**The problem**
Quote every line below exactly and skip any picture.

**Raw data**
★ ★ ★ ★

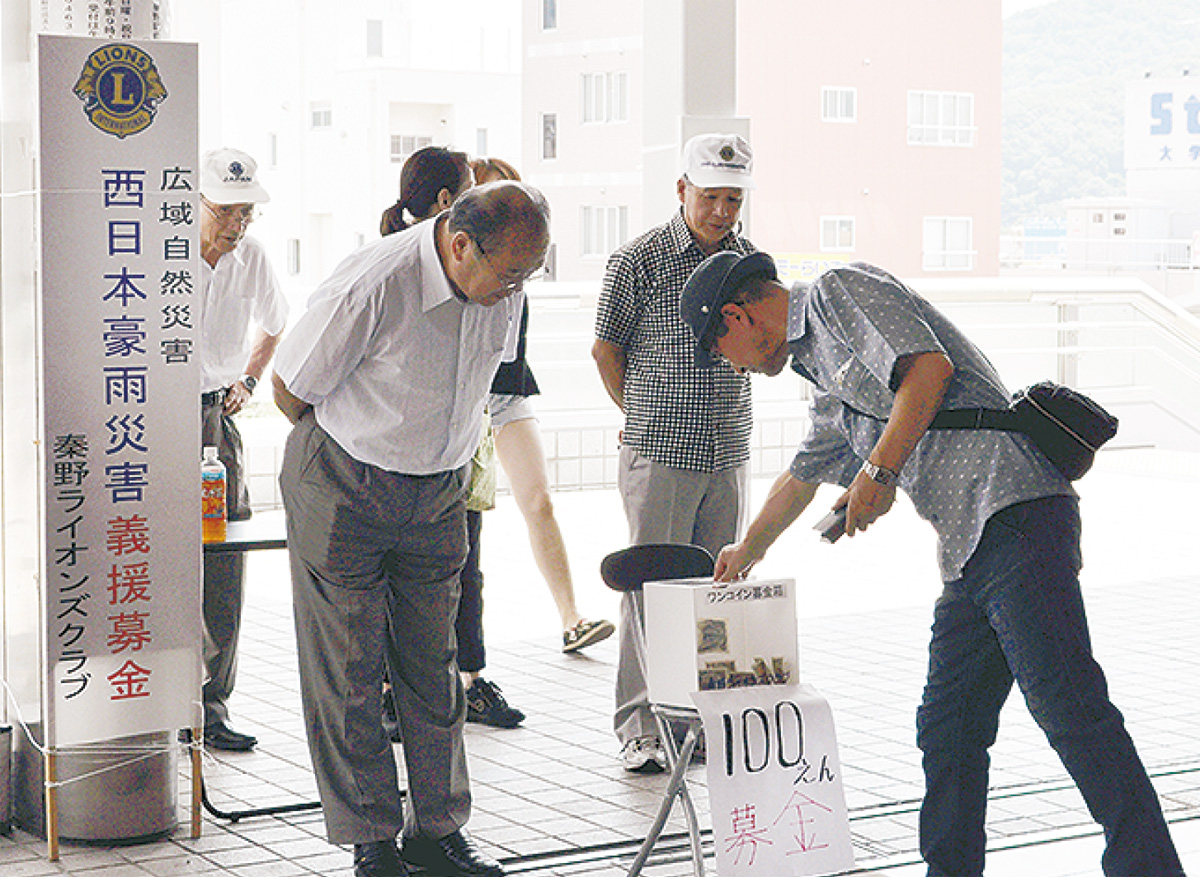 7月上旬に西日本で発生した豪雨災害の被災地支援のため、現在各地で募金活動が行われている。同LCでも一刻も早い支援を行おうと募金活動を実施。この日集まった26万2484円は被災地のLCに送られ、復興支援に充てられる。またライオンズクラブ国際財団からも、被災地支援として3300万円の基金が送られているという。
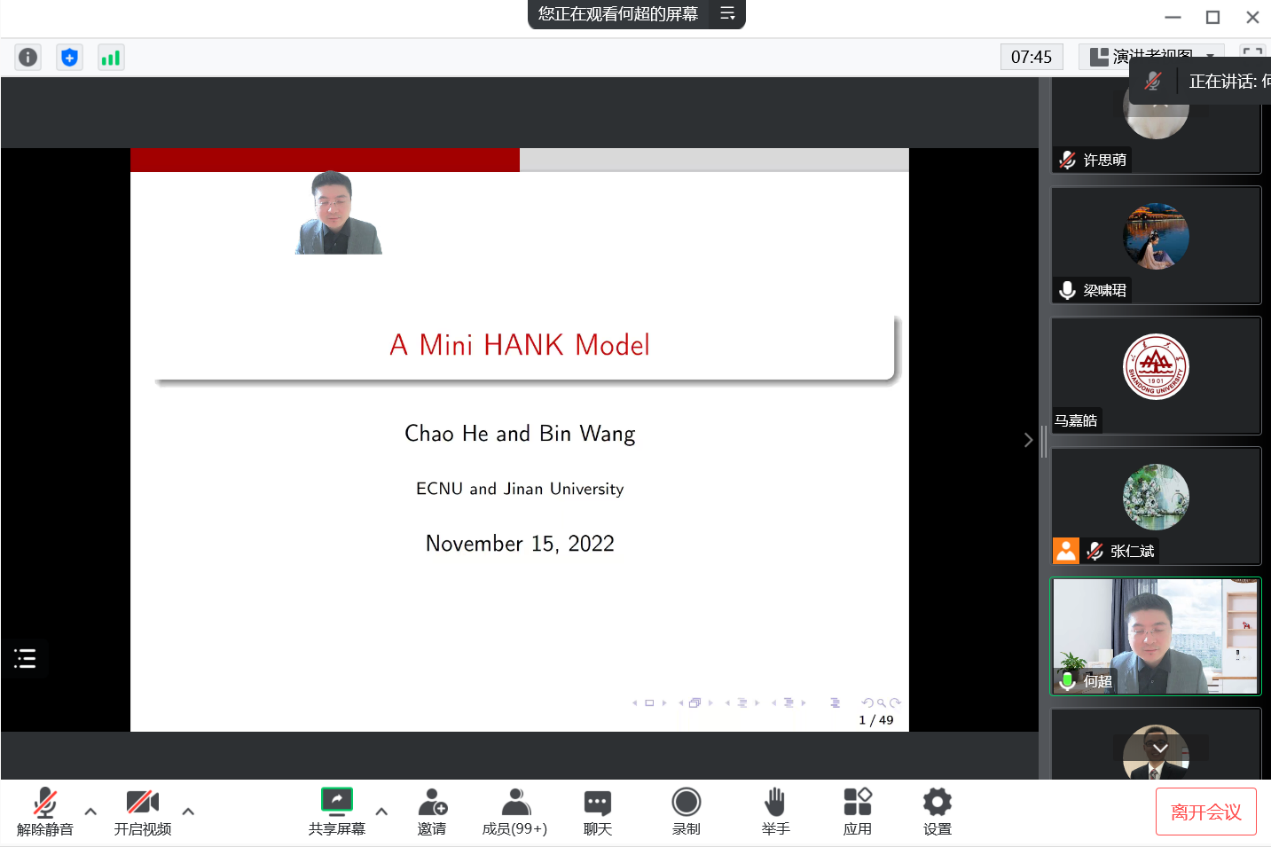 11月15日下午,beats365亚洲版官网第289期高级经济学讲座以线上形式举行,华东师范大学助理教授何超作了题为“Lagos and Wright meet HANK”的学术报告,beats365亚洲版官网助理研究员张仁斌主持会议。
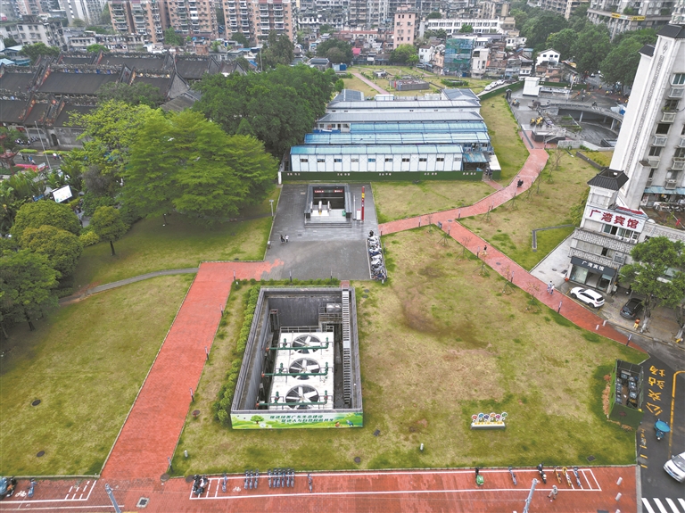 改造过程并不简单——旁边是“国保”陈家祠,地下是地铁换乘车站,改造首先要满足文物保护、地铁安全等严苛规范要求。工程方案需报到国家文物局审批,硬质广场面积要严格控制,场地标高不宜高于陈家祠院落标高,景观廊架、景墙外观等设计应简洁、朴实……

★ ★ ★ ★

**Answer space**
 7月上旬に西日本で発生した豪雨災害の被災地支援のため、現在各地で募金活動が行われている。同LCでも一刻も早い支援を行おうと募金活動を実施。この日集まった26万2484円は被災地のLCに送られ、復興支援に充てられる。またライオンズクラブ国際財団からも、被災地支援として3300万円の基金が送られているという。
 11月15日下午,beats365亚洲版官网第289期高级经济学讲座以线上形式举行,华东师范大学助理教授何超作了题为“Lagos and Wright meet HANK”的学术报告,beats365亚洲版官网助理研究员张仁斌主持会议。
 改造过程并不简单——旁边是“国保”陈家祠,地下是地铁换乘车站,改造首先要满足文物保护、地铁安全等严苛规范要求。工程方案需报到国家文物局审批,硬质广场面积要严格控制,场地标高不宜高于陈家祠院落标高,景观廊架、景墙外观等设计应简洁、朴实……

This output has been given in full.